British Families of Fallen Soldiers Given Preliminary Access to War Evidence

But a recent ruling by a top UK Court of Appeals may help the British public obtain evidence of Downing Street's prewar planning occasioning the British military's participation in the Iraq War.

In what UK court observers called "a stunning victory," a panel of top British judges agreed with the families of four soldiers killed in Iraq that Downing Street officials must publicly explain why the UK entered the Iraq War.
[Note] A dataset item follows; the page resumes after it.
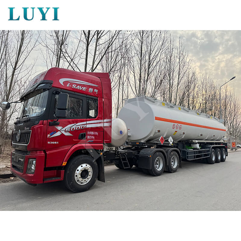 LUYI 3-axliga 30 000-liters ståloljetank semitrailer, som kommer från Shandong-provinsen, Kina, är ett utmärkt val inom bränsletransportområdet. Den kan effektivt transportera media som diesel, bensin, petroleum och råolja, med en maximal effektiv last på 60 ton för att möta transportbehov av stora volymer.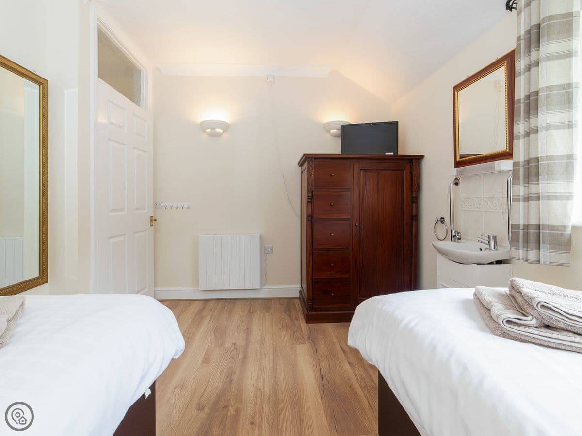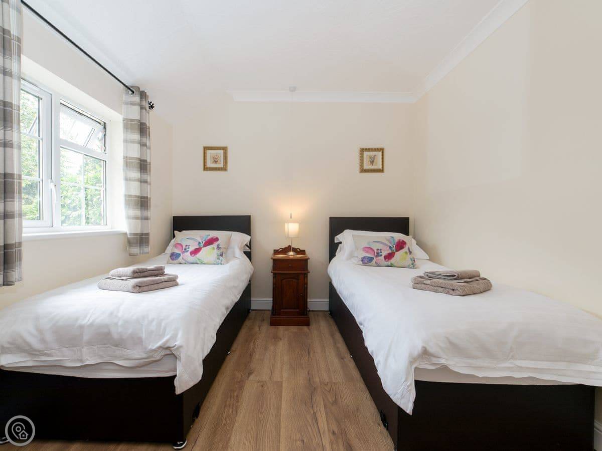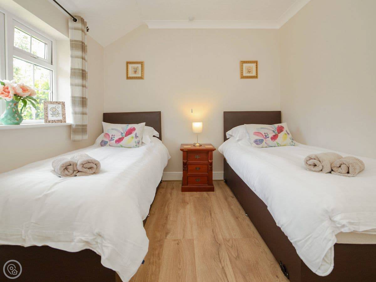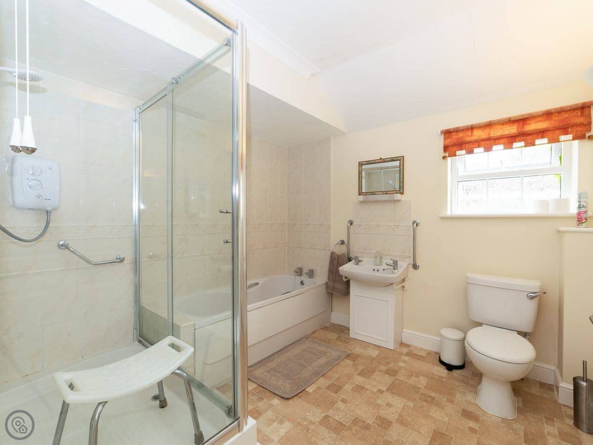 It sleeps four. Two bedrooms. One bathroom with a walk-in shower. There's no bath. It's all on the ground floor so it's good if steps are difficult. There are grab rails in the shower and a seat.

Phil Shiner, a solicitor for Public Interest Lawyers who successfully argued the families' case before the judicial panel, told court reporters the decision would at minimum "force the Government to publish evidence on how the country was taken to war."

Shiner further explained.

"In particular, the Government must finally explain how the 13-page equivocal advice from the Attorney General of March 7, 2003 was changed within 10 days to a one-page completely unequivocal advice that an invasion would be legal."

"My clients believe [Attorney General Goldsmith] impermissibly changed his advice because he was sat on by the Prime Minister and others in Government.

"In changing his advice, he sent these soldiers to their deaths."

The U.S.-led invasion began March 20, three days after Goldsmith reversed his March 7 ruling suggesting British participation might be illegal under international law.

In what can not be a coincidence of timing, the soldiers' families are scheduled to receive a final ruling by the same three judges either one or two days after the U.S. November elections.

"I am convinced that my son died for no good reason as he should not have been sent to Iraq in the first place," said Peter Brierley, the father of Shaun Brierley who was killed serving with the British military in Iraq. "I am looking forward to hearing the ... defendants having to explain how they justify the invasion."

We Americans eagerly await Downing Street's explanation as well, Mr. Brierley.